» **Dataset records**
================
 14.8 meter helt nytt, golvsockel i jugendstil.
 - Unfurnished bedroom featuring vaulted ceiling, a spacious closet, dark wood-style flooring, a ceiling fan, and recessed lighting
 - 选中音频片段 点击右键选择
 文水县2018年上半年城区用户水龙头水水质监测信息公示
================
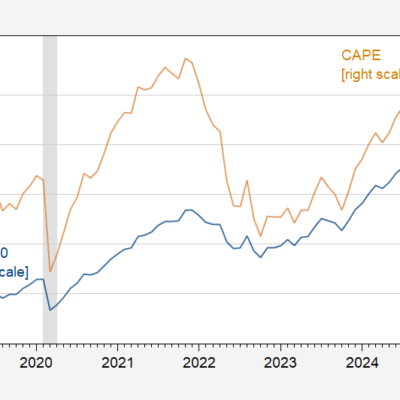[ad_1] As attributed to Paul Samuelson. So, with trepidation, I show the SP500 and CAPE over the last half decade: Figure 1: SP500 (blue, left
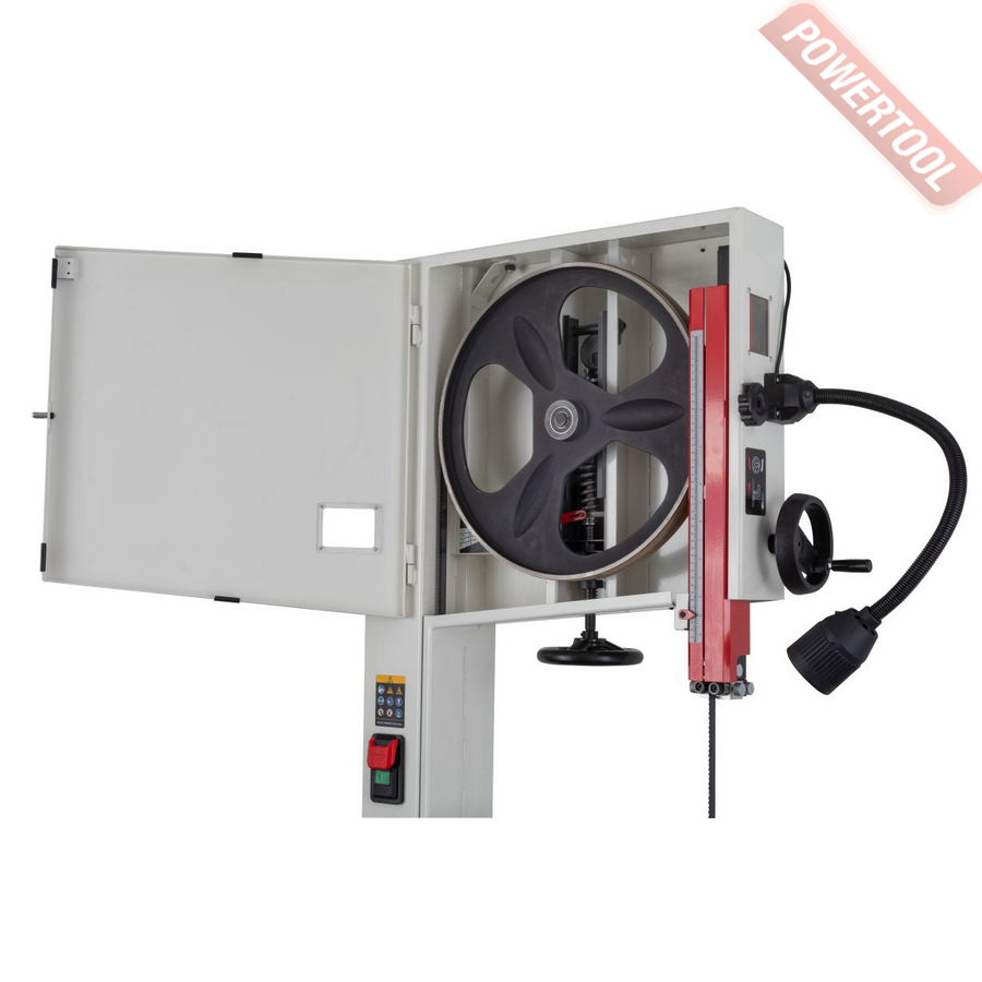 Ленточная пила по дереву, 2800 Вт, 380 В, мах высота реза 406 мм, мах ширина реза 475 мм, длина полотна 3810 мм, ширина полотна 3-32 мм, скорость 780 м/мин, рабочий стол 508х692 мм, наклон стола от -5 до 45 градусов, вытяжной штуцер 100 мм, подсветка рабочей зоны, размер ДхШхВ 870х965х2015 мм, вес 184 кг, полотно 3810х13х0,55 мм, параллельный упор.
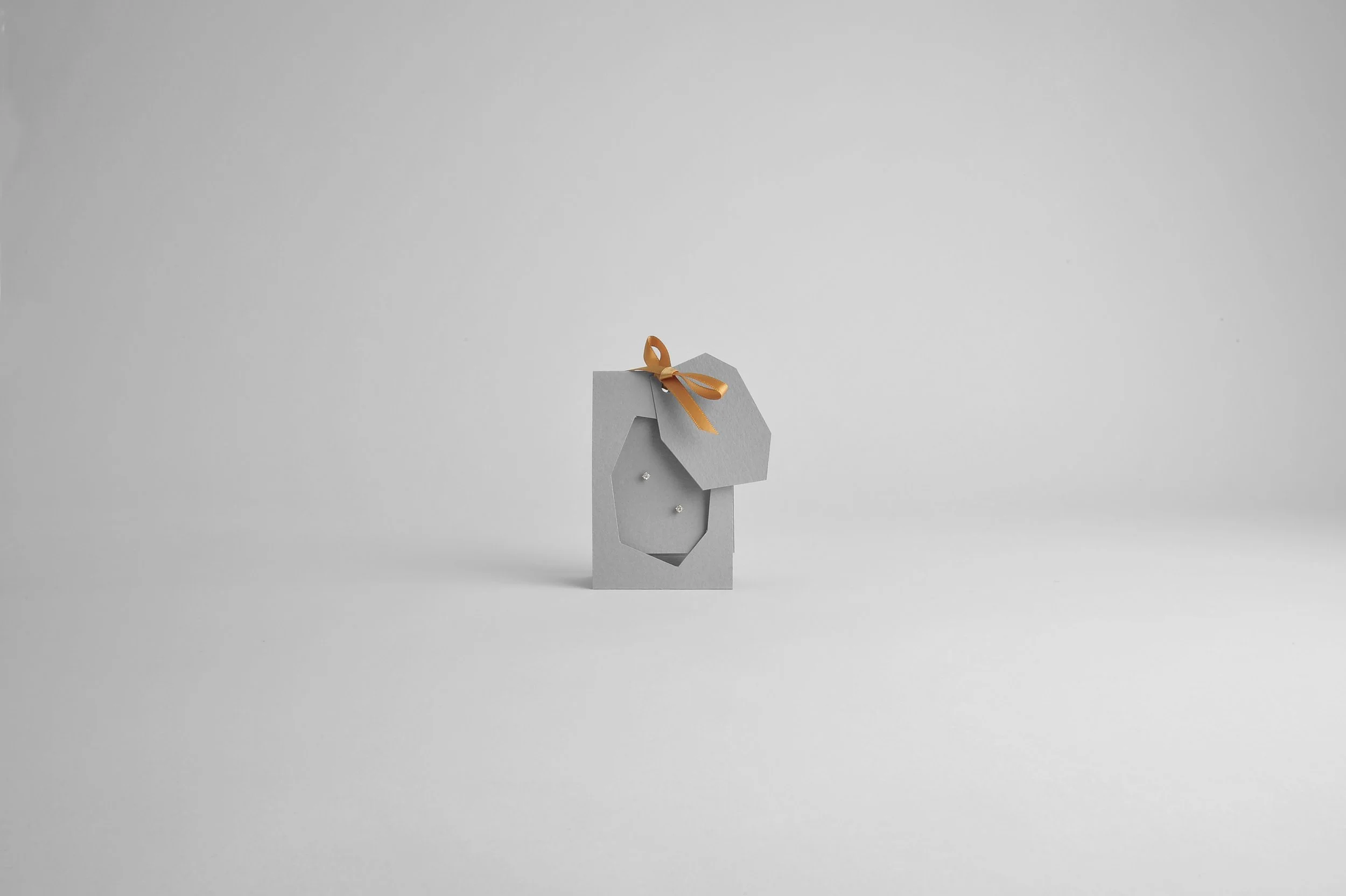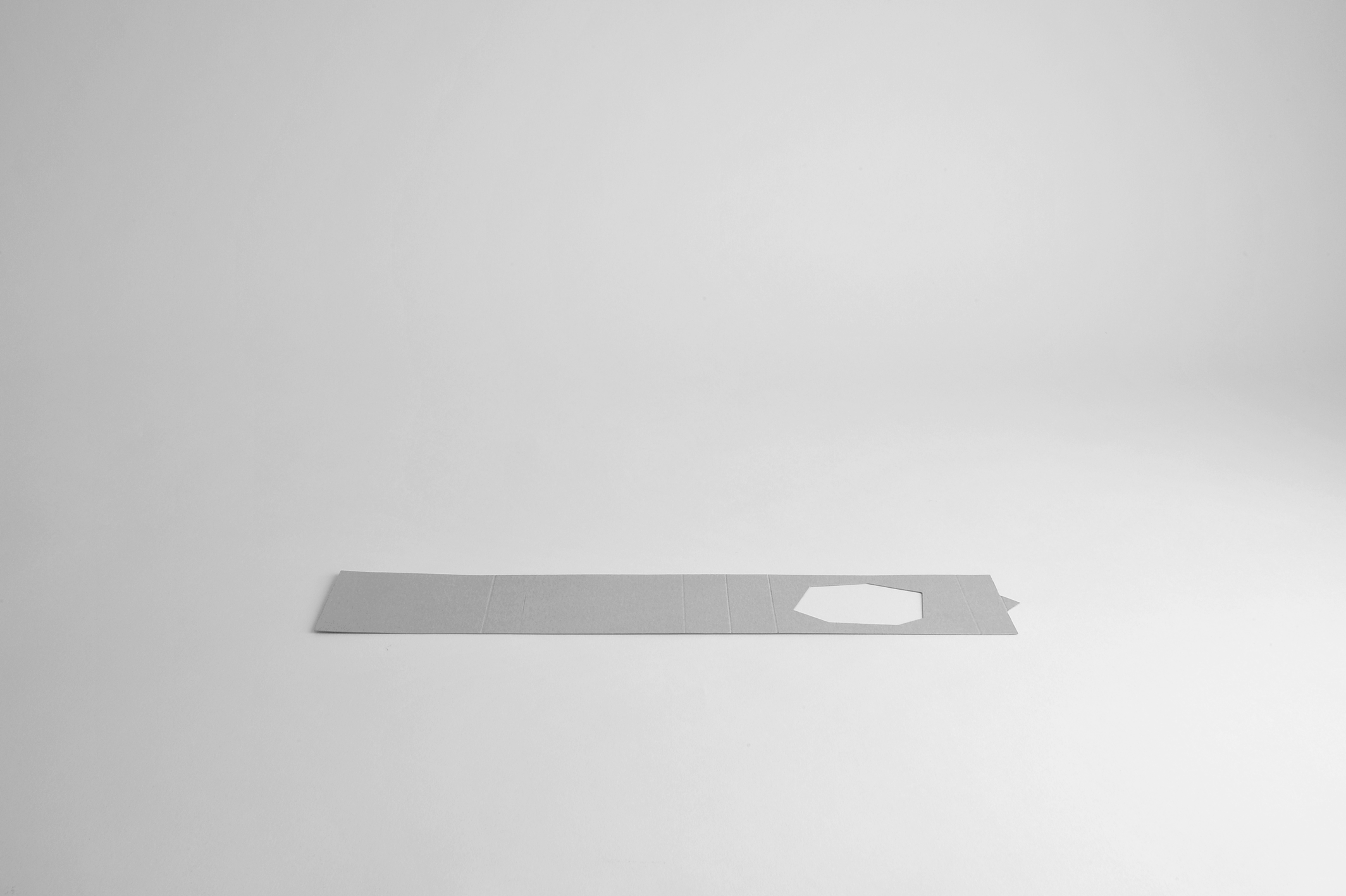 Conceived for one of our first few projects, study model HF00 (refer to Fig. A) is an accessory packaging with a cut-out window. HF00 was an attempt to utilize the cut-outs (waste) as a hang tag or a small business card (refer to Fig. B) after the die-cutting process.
================
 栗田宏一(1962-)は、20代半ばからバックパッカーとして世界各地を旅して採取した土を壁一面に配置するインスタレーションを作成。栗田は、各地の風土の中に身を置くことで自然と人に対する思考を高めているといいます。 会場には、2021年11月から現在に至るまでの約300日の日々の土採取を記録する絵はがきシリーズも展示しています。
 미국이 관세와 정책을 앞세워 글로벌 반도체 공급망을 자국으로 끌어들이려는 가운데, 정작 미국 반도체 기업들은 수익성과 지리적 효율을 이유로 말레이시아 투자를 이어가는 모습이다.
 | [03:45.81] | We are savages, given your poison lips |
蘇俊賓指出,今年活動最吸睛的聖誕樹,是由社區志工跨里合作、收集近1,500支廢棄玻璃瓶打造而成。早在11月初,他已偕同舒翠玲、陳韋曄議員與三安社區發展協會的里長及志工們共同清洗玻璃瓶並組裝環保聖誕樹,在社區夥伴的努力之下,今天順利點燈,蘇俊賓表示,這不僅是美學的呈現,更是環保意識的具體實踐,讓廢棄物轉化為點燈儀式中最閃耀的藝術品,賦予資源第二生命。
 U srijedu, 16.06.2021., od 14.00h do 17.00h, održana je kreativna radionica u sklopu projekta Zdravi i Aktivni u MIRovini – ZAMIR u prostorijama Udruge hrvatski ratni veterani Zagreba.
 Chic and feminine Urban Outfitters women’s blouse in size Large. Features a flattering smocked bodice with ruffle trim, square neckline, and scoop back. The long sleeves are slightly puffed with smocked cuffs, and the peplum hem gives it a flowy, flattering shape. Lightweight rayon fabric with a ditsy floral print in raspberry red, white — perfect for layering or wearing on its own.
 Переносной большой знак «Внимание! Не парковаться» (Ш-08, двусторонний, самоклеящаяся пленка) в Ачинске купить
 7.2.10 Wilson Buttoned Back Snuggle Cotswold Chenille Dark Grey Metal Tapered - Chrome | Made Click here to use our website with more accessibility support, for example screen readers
================
» **Problem description**
After locating the line with "- Unfurnished bedroom" above, return that line and every later line through the one with "文水县2018年上半年城区用户水龙头水水质监测信息公示", word for word and with nothing else.

» **Output**
 - Unfurnished bedroom featuring vaulted ceiling, a spacious closet, dark wood-style flooring, a ceiling fan, and recessed lighting
 - 选中音频片段 点击右键选择
 文水县2018年上半年城区用户水龙头水水质监测信息公示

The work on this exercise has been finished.